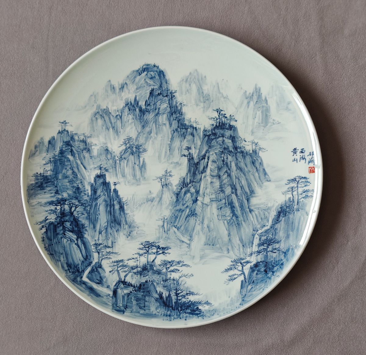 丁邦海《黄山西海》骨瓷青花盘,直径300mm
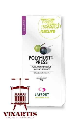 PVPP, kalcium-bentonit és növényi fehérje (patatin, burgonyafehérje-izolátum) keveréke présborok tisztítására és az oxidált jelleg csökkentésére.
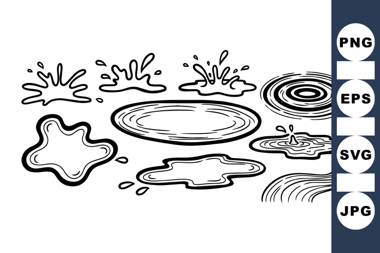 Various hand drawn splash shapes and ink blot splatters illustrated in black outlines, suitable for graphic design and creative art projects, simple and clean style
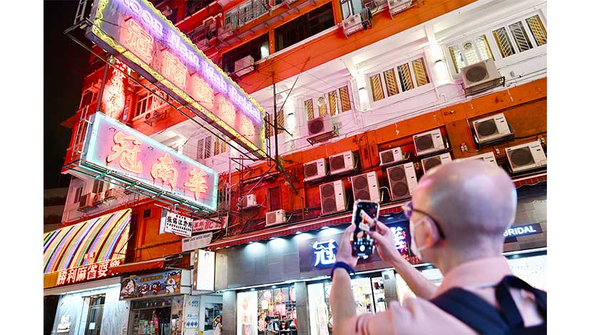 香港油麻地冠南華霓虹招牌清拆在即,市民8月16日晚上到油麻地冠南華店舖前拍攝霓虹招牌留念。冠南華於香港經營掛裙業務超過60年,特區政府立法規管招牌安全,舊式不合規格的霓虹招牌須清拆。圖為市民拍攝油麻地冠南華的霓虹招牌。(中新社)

*Problem details:* Pictures are to be left out, and each line from the one that contains "PVPP, kalcium-bentonit és" through the end of the listing is to be copied exactly.

*Result for this task:*
 PVPP, kalcium-bentonit és növényi fehérje (patatin, burgonyafehérje-izolátum) keveréke présborok tisztítására és az oxidált jelleg csökkentésére.
 Various hand drawn splash shapes and ink blot splatters illustrated in black outlines, suitable for graphic design and creative art projects, simple and clean style
 香港油麻地冠南華霓虹招牌清拆在即,市民8月16日晚上到油麻地冠南華店舖前拍攝霓虹招牌留念。冠南華於香港經營掛裙業務超過60年,特區政府立法規管招牌安全,舊式不合規格的霓虹招牌須清拆。圖為市民拍攝油麻地冠南華的霓虹招牌。(中新社)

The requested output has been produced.